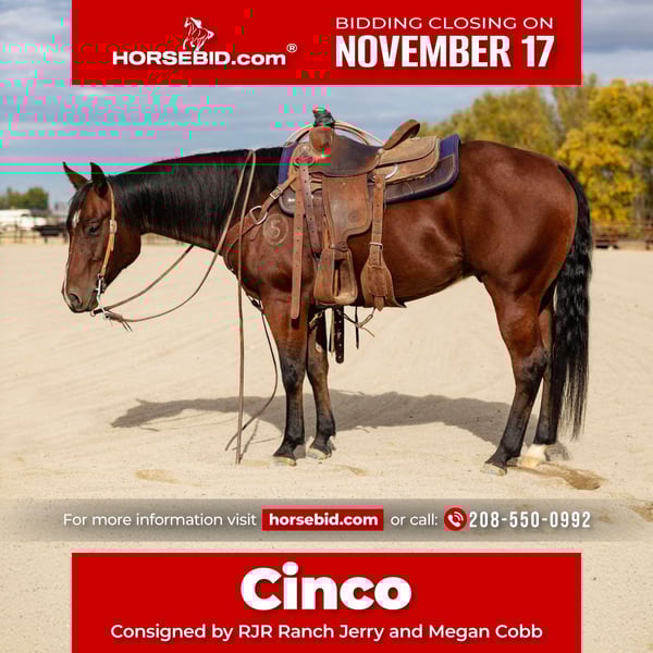 🎲𝓽𝓱𝓮 𝐑𝐈𝐃𝐄𝐑'𝐒 𝓒𝓱𝓸𝓲𝓬𝓮🎲 Happening now thru MONDAY | NOVEMBER 17th - Available EXCLUSIVELY on HorseBid's website! For more details and to register visit: www.Horsebid.com CONSIGNOR CONTACT: RJR ranch Jerry and Megan Cobb 208-550-0992 LOCATION: New Plymouth BREED: Aqha REGISTERED: Yes REGISTERED NAME: Cfive spoonful o pep COLOR: Bay HEIGHT: 14.2 AGE: 4 GENDER: Gelding Cinco is a really cool gelding he’s 100% safe with a ton of ability and training. He spent over a year at the cowhorse trainers before going to the ranch and has also been used in the arena to breakaway and heel on. Cinco is very nice to ride outside on the trails as well This gelding moves exceptionally well, he’s got a big stop nice turn around and is a super good loping horse. He carries himself low to the ground and can really move his front end. Cinco shows big time talent in the breakaway and is ready for anyone to continue his training. He’s good in the box and is real cowy. Cinco is a little watchy of cows and wouldn’t fit an inexperienced roper. He’s been used up in the mountains to gather and has been branded on as well. Cinco really likes people has great manners and is a pleasure to be around all the time. This is a very nice horse that can go in many different directions in the performance world or go trail ride him. He’s sound and has no buck. Call fmi 208 550 0992
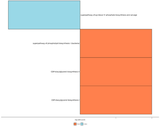 Statistically significant different predicted pathway with LDA score > 2.0 between BC patients from urban and rural areas.
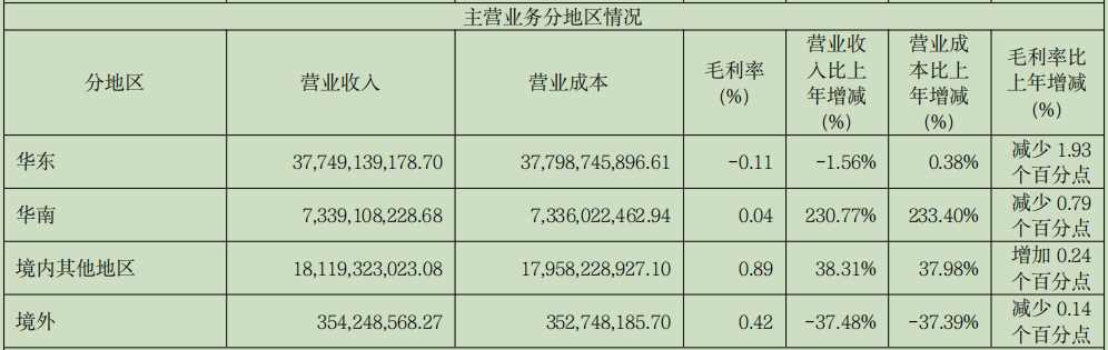 在业务地区上,占据营收大头同时也是杭钢股份所在地的华东地区,是国内唯一营收同比下降的。
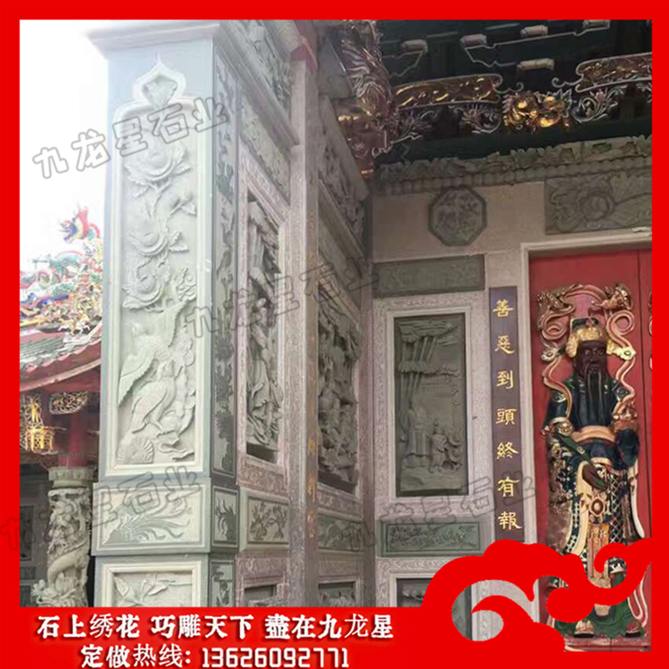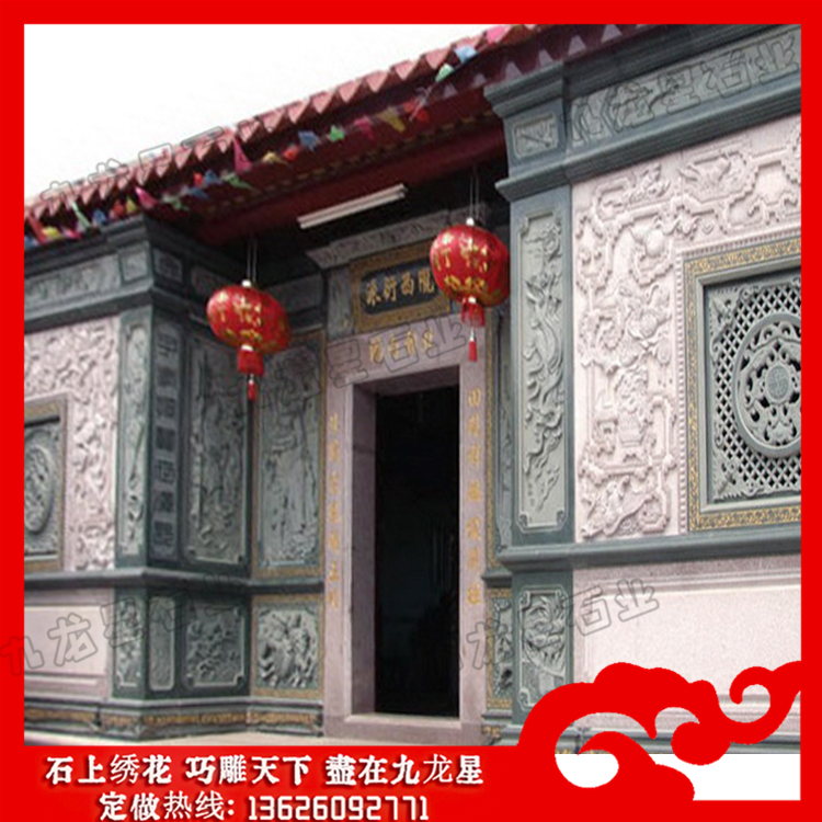 在寺院宗祠中,石雕建筑各種各樣,青石浮雕雕刻墻面的應用也是非常多,再者就是農(nóng)村祠堂了,農(nóng)村祠堂面積較小,但其形成也跟寺院相差無幾,因此在一些青石浮雕壁畫的應用上也是大同小異。

------------

**ASSIGNMENT**
Wherever an image sits in the data, omit it; everything else must be copied exactly.

**YOUR RESPONSE**
 🎲𝓽𝓱𝓮 𝐑𝐈𝐃𝐄𝐑'𝐒 𝓒𝓱𝓸𝓲𝓬𝓮🎲 Happening now thru MONDAY | NOVEMBER 17th - Available EXCLUSIVELY on HorseBid's website! For more details and to register visit: www.Horsebid.com CONSIGNOR CONTACT: RJR ranch Jerry and Megan Cobb 208-550-0992 LOCATION: New Plymouth BREED: Aqha REGISTERED: Yes REGISTERED NAME: Cfive spoonful o pep COLOR: Bay HEIGHT: 14.2 AGE: 4 GENDER: Gelding Cinco is a really cool gelding he’s 100% safe with a ton of ability and training. He spent over a year at the cowhorse trainers before going to the ranch and has also been used in the arena to breakaway and heel on. Cinco is very nice to ride outside on the trails as well This gelding moves exceptionally well, he’s got a big stop nice turn around and is a super good loping horse. He carries himself low to the ground and can really move his front end. Cinco shows big time talent in the breakaway and is ready for anyone to continue his training. He’s good in the box and is real cowy. Cinco is a little watchy of cows and wouldn’t fit an inexperienced roper. He’s been used up in the mountains to gather and has been branded on as well. Cinco really likes people has great manners and is a pleasure to be around all the time. This is a very nice horse that can go in many different directions in the performance world or go trail ride him. He’s sound and has no buck. Call fmi 208 550 0992
 Statistically significant different predicted pathway with LDA score > 2.0 between BC patients from urban and rural areas.
 在业务地区上,占据营收大头同时也是杭钢股份所在地的华东地区,是国内唯一营收同比下降的。
 在寺院宗祠中,石雕建筑各種各樣,青石浮雕雕刻墻面的應用也是非常多,再者就是農(nóng)村祠堂了,農(nóng)村祠堂面積較小,但其形成也跟寺院相差無幾,因此在一些青石浮雕壁畫的應用上也是大同小異。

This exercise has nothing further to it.